If you are designing a community that is integrated into local ecology, it is important to know how to build a natural home. Natural Building has a long way to go before it is ecologically perfected. Building with natural or recycled materials and applying appropriate technologies, while maintaining the standards of modern living, is a challenge. During this internship, I had the opportunity to gain some knowledge building with both conventional and natural materials. My experience building with plaster, for example, showed me that while natural clay or wheat paste-based plaster is easier on the environment, and on one’s skin, conventional plasters such as stuctolite maintain a higher ‘stick factor’ needed to form more challenging surfaces such as ceilings and walls that have an angle that is sharper than 90 degrees. However in most cases natural plaster is a highly underutilized material, and deserves much more credit than it currently receives from the conventional world.
All of the above aspects of creating an ecological community become irrelevant without an axis of creating an ecological culture.
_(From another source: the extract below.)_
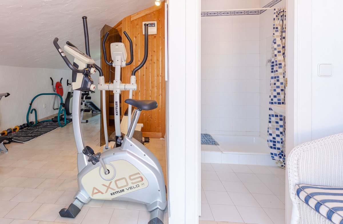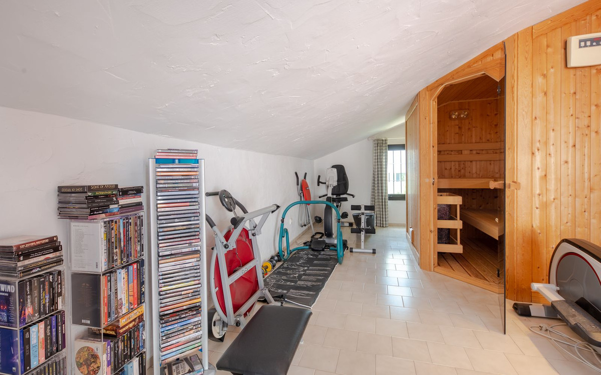 Ytterligare ett dubbelrum i loftstil omvandlat till ett gym med ett lyxigt specialbyggt basturum erbjuder ett bekvämt duschrum och privat tillgång till terrassen.

At its heart, this is RDI’s intention. Commonweal Garden holds a diverse range of events and workshops to promote the different aspects of ecological living. I participated in RDI’s Ecology of Leadership program (EOL). EOL focuses on helping people bio-remediate their ‘internal soil.’ The idea is firstly, to help participants release their personal grief, and negative thought processes that inhibit them from leading an enriching life that they love. Secondly, EOL gives participants the support and tools needed to manifest new possibilities in their lives. In conjunction with these intentions it helps facilitate a deepened connection between participants and the natural ecological world. The underlying premise is that external ecology helps us understand our internal ecology. They have evolved from the same source, and both possess similar underlying characteristics.
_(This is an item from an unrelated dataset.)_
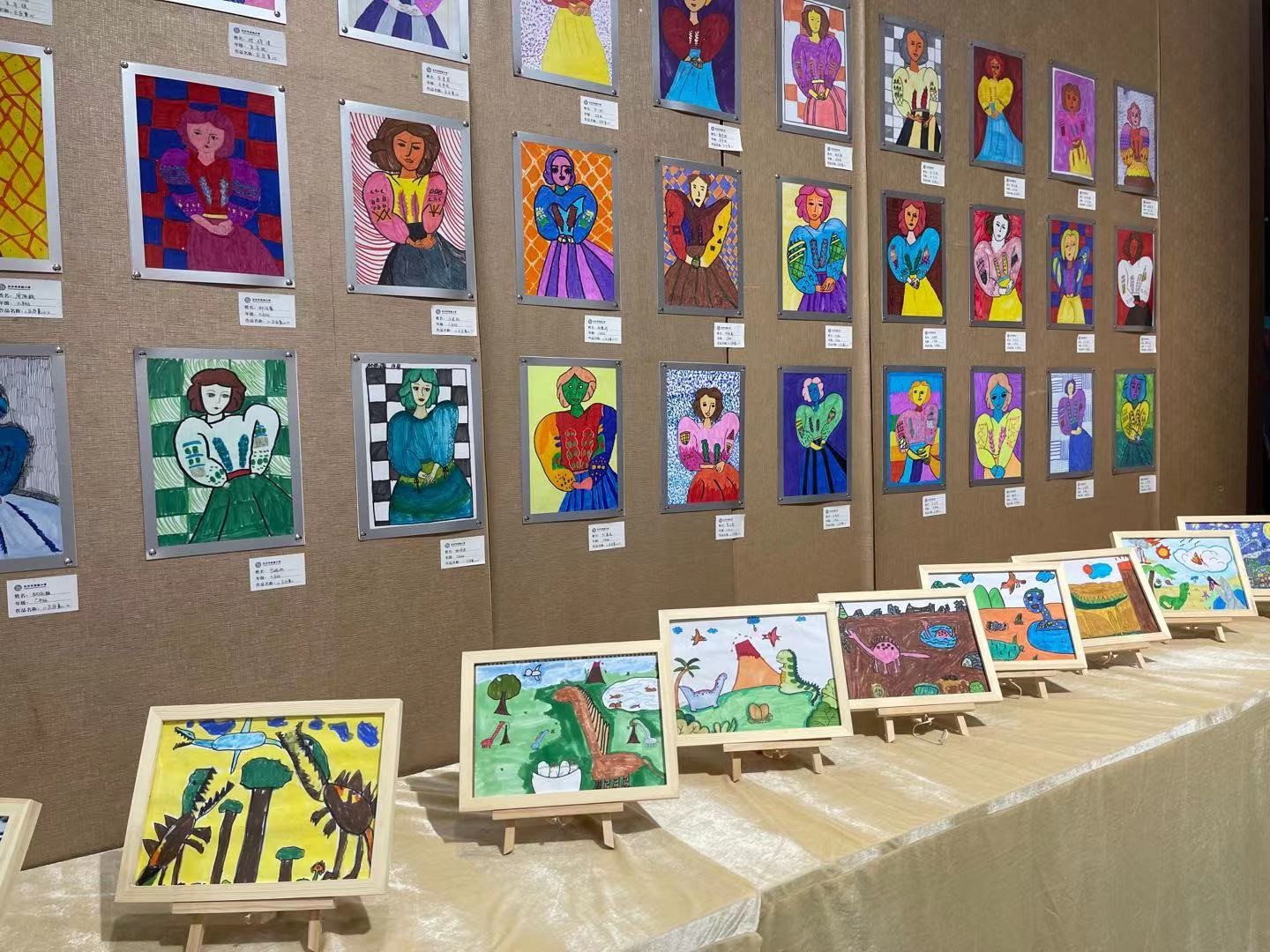 本次展览在比较、融合与创新的策展理念指导下,以老员工与小员工美术作品联合展览为艺术特色,作品主题新颖,艺术形式丰富,艺术趣味盎然,能够贴近不同年龄层次观众的艺术观赏趣味,成为服务社会艺术美育的有益文艺活动。展出作品中,老员工美术作品以西方美术经典名作与长沙时下网红视觉形象的融合创新为主题,通过对话西方艺术经典,突显本地文化特色,79幅作品带给观众熟悉又新颖的视觉体验;展出的长沙市实验小学教师作品富有生活之美与文化品位,令人耳目一新。小员工美术作品则童趣盎然,形式丰富,涵盖艺术剪纸、折纸龙舟、儿童绘画及端午主题手工香囊等,全面展现出长沙市实验小学在小员工艺术美育方面的先进教育理念与高质量的教学创新成果。

The most valuable aspect of the course for me was its ‘Life Wheel’ and ‘Creative Scene’ Technology. This is essentially an organizational tool to help you consciously frame your life’s intentions, and it is helping me to focus on consciously creating the ecological life I want to live. This technology can also be applied to creating organizations; it will improve my leadership capacity as a prospective entrepreneur. What grief must society overcome to become a powerful and nurturing structure that holds humanity in the larger ecological environment? How can I become a leader that can help to facilitate this process?
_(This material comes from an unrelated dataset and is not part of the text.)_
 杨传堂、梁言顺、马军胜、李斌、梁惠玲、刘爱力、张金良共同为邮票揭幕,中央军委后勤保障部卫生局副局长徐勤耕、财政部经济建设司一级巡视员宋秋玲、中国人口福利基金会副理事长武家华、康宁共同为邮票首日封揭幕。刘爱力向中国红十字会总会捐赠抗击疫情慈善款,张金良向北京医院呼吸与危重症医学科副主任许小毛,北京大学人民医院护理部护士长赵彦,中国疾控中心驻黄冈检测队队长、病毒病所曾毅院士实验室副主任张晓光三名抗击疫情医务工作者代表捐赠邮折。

My role as a leader, I am beginning to realize, lies in the world of connecting ecological philosophies with the world of economics and business. The economy is a structure that holds enormous weight over the actions of humanity. Can economics be modeled to mimic, and relate effectively to the ecological processes of planet Earth? The only hope I have in shaping the answers to these questions is by being in relationship with the natural world, and the human world. RDI has helped me better understand how I relate to both of these worlds, as well as how to relate to myself. Only through relationship with my environment can I hope to understand who I am.